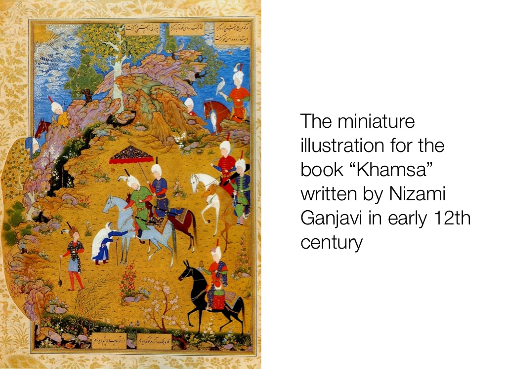 The miniature illustration for the book “Khamsa” written by Nizami Ganjavi in early 12th century
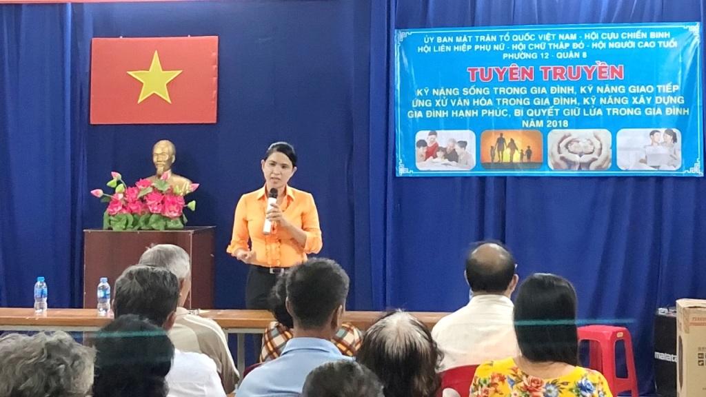 Được sự chấp thuận của Ban Thường trực Ủy ban Mặt trận Tổ quốc Việt Nam Quận 8, Thường trực Đảng ủy Phường 12. Vào lúc 19 giờ, ngày 10 tháng 5 năm 2018, Uỷ ban Mặt trận Tổ quốc Việt Nam Phường phối hợp cùng các đoàn thể tổ chức tuyên truyền kỹ năng sống trong gia đình, kỹ năng giao tiếp - ứng xử văn hóa trong gia đình, kỹ năng xây dựng gia đình hạnh phúc, bí quyết giữ lửa trong gia đình năm 2018.
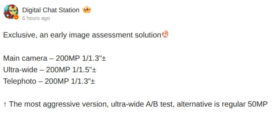 Согласно более раннему отчету, устройство может использовать 200-мегапиксельные сенсоры в своих широкоугольных, сверхширокоугольных и телеобъективных камерах. В цифровом чате Tipster появилась дополнительная информация по этой теме.

■ ■ ■

• [The problem] Copy out all of the listing word for word, but skip the images.

• [Your response]
 The miniature illustration for the book “Khamsa” written by Nizami Ganjavi in early 12th century
 Được sự chấp thuận của Ban Thường trực Ủy ban Mặt trận Tổ quốc Việt Nam Quận 8, Thường trực Đảng ủy Phường 12. Vào lúc 19 giờ, ngày 10 tháng 5 năm 2018, Uỷ ban Mặt trận Tổ quốc Việt Nam Phường phối hợp cùng các đoàn thể tổ chức tuyên truyền kỹ năng sống trong gia đình, kỹ năng giao tiếp - ứng xử văn hóa trong gia đình, kỹ năng xây dựng gia đình hạnh phúc, bí quyết giữ lửa trong gia đình năm 2018.
 Согласно более раннему отчету, устройство может использовать 200-мегапиксельные сенсоры в своих широкоугольных, сверхширокоугольных и телеобъективных камерах. В цифровом чате Tipster появилась дополнительная информация по этой теме.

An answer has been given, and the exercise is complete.